Secondly, it’s unclear how the United States will accomplish its crucial goal of averting the Iranian administration from procuring atomic weaponry. Its stockpile of enriched uranium is assessed to remain unscathed and is situated within a tunnel complex under the mountains near Isfahan. If the war concludes without its obliteration, Iran will retain the capability to create a nuclear bomb. And the military setbacks of recent times merely propel it toward this measure.
At the war’s outset, Secretary of State Marco Rubio conceded that only ground forces could seize uranium.
“Someone has to go and get it,” he stated. But last week, when questioned about uranium, Trump said, “We’re not focusing on that.” There are no straightforward solutions, but such a disjointed method to war planning doesn’t foster confidence.
The third issue concerns the global economy. Conflicts in the Middle East habitually trigger economic jolts owing to escalating oil prices. Iran possessed an evident means to capitalize on this: restricting ship passage through the Strait of Hormuz. Nevertheless, Trump attempted to disregard this menace.
Prior to the war, his chief military advisor, General Dan Kaine, cautioned that Iran would probably assault shipping and effectively blockade the strait. Trump countered that Iran would capitulate sooner or that the United States could maintain the strait open. He was mistaken—and it was apparent. Petroleum costs have since surged by more than 40%.

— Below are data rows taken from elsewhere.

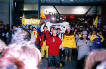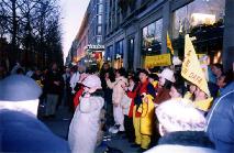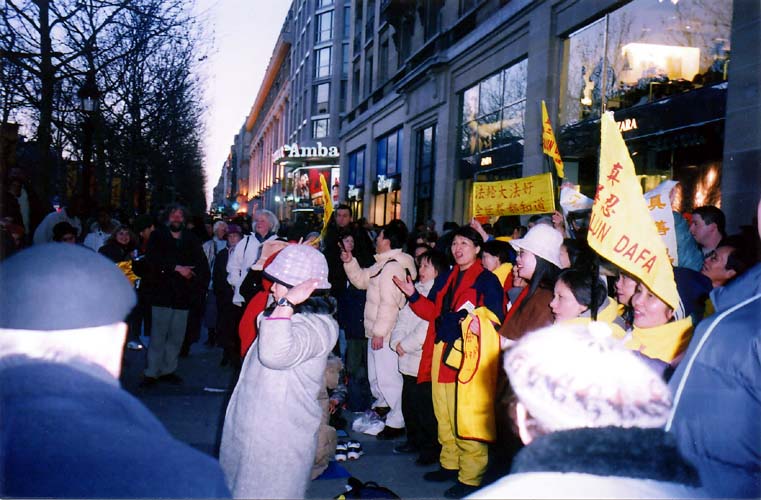 在听闻将有大量的中国人抵达香榭大道,为了让更多的人了解真相,我们约有数十人在一月廿五日下午约四点前往,希望能有机会与广大的华人接触、。同修在散发传单与光碟时,索取的民众络绎不绝,中文的发完了就给英文的,最后连书签也发得所剩无几。周遭的西方人也好奇地伸手过来,想看看到底这些面容和详、热诚善意的人传布的是什么资讯?有的中国人在前面不敢拿,到了人群后面才悄悄问其他学员还有没有?有的则一定要中文的,开心地说谢谢,攒在手里或是在路边就认真地读了起来。印象最深的是有一位新近迁入法国当地的中国人,急迫地问我们何处可以找到炼功点?如果今天打电话,能找得到人吗?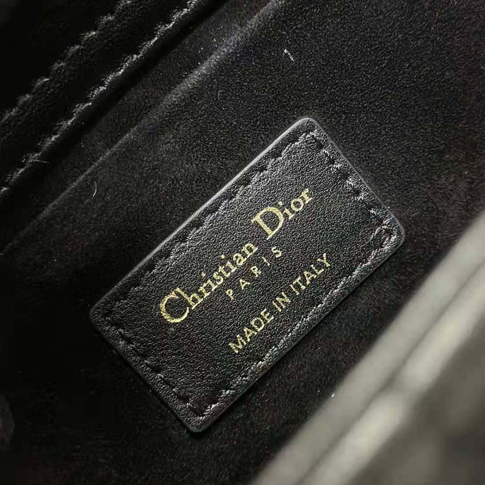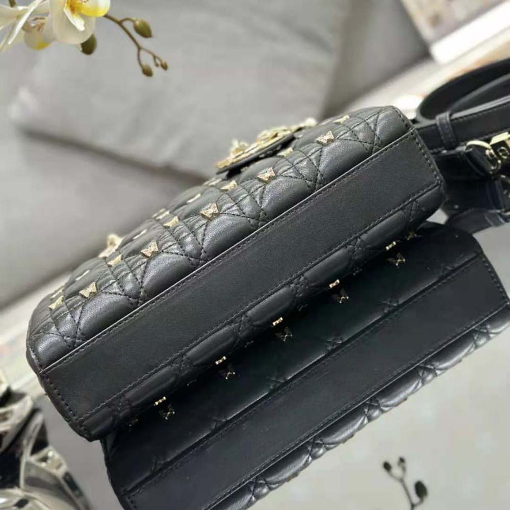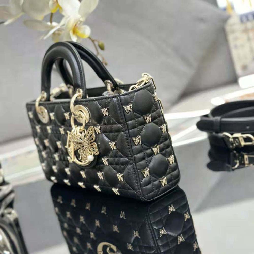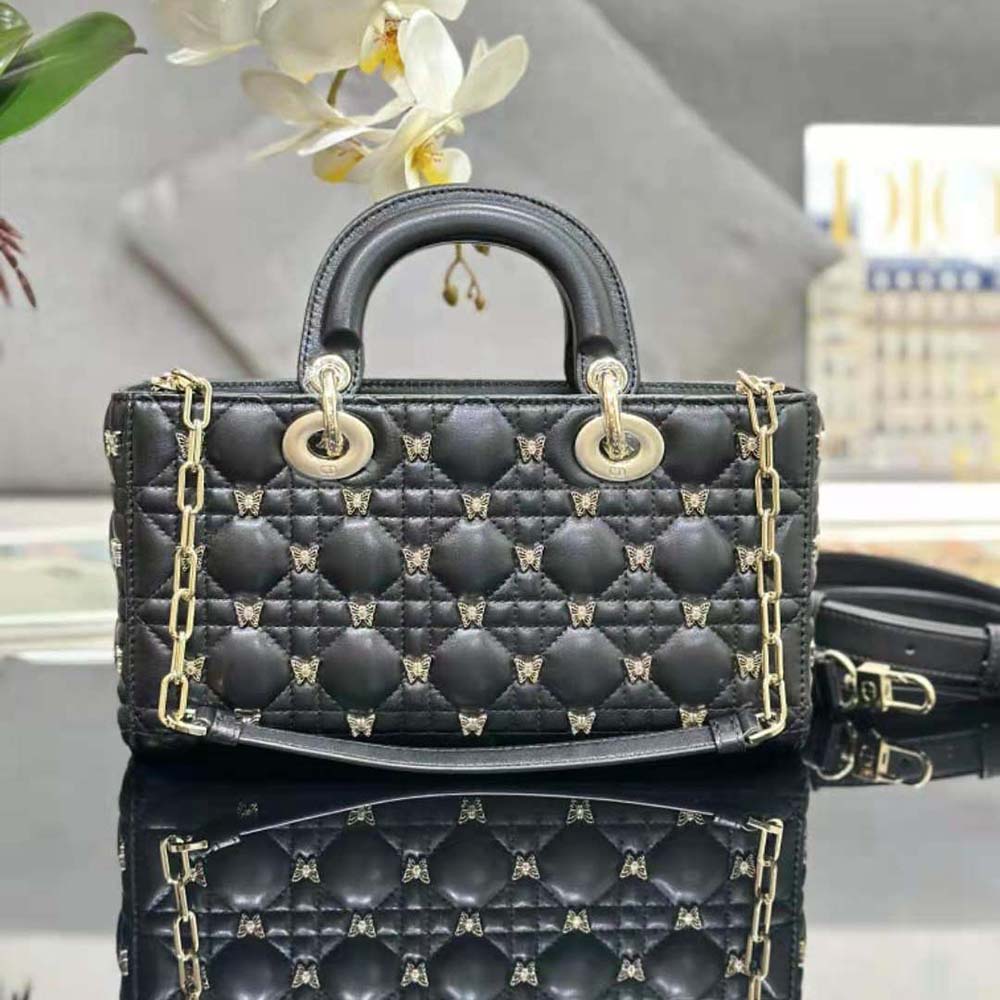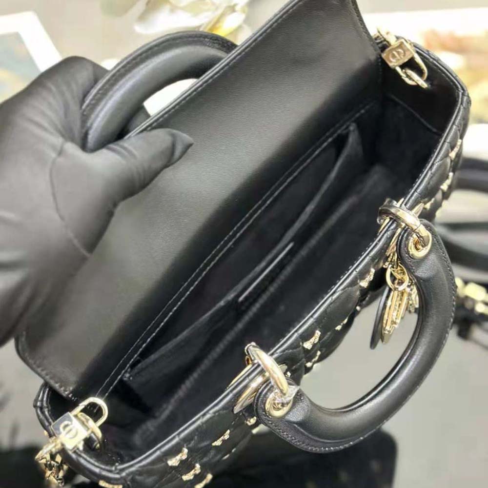Dior Women Medium Lady D-joy Bag Black Cannage Lambskin with Gold-Finish Butterfly Studs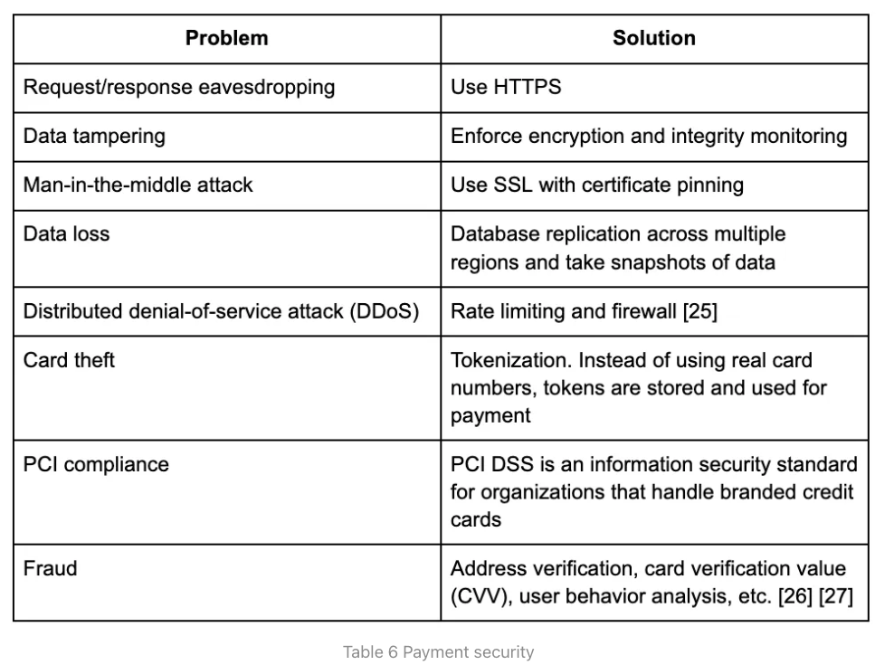 결제 보안은 굉장히 중요하다. 시스템 설계의 마지막 부분에서 사이버 공격 및 카드 도난에 대처하기 위한 몇가지 기술을 간략하게 다뤄본다.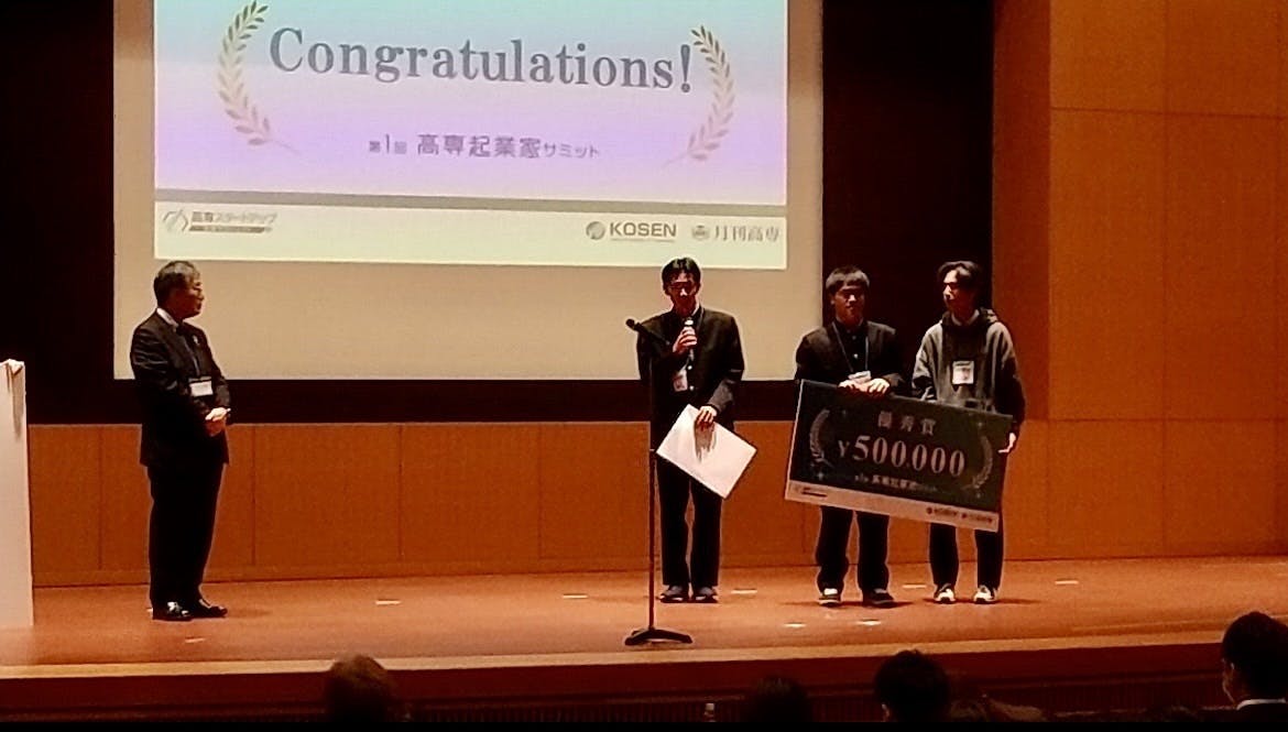 ご報告が大変遅くなりましたが、3月11日に東京で行われた「第1回高専起業家サミット」で優秀賞を受賞し、賞金50万円を獲得しました!

War against Iran and its economic fallout could lead to Trump's 'defeat' — The Guardian
Trump’s reaction appears frantic. He has momentarily alleviated penalties on Russian petroleum — a present to an adversary. And lately he has solicited Britain, France, Japan, South Korea — allies he has criticized for years — and even China to dispatch naval forces to safeguard the strait.
Warfare is invariably unpredictable, and it cannot be dismissed that the circumstances will evolve. Perhaps an opposition will materialize in Iran that will swiftly overthrow the regime, as transpired in Syria in late 2024. Conceivably special forces will be capable of seizing uranium without casualties. Maybe the US, along with its allies, will open the Strait of Hormuz. We would embrace any of these scenarios.
However, the war’s initial weeks furnish no justification for optimism. They demonstrate that the behind-the-scenes preparation in the White House was as imprudent as the public pronouncements.
The administration neglected to seek authorization from Congress, as stipulated by the Constitution. It failed to adequately consult with allies in Europe and Asia. And it failed to convincingly elucidate the reasons for the conflict to Americans.
Throughout his career, Trump has repeatedly sought to fabricate his own reality: when the truth is inconvenient, he disregards it and propagates assertions that are advantageous to him. And this has frequently proven effective. But warfare isn’t politics or marketing. It cannot be “manipulated” with words. And the preliminary outcomes of the conflict with Iran don’t corroborate Trump’s vociferous declarations.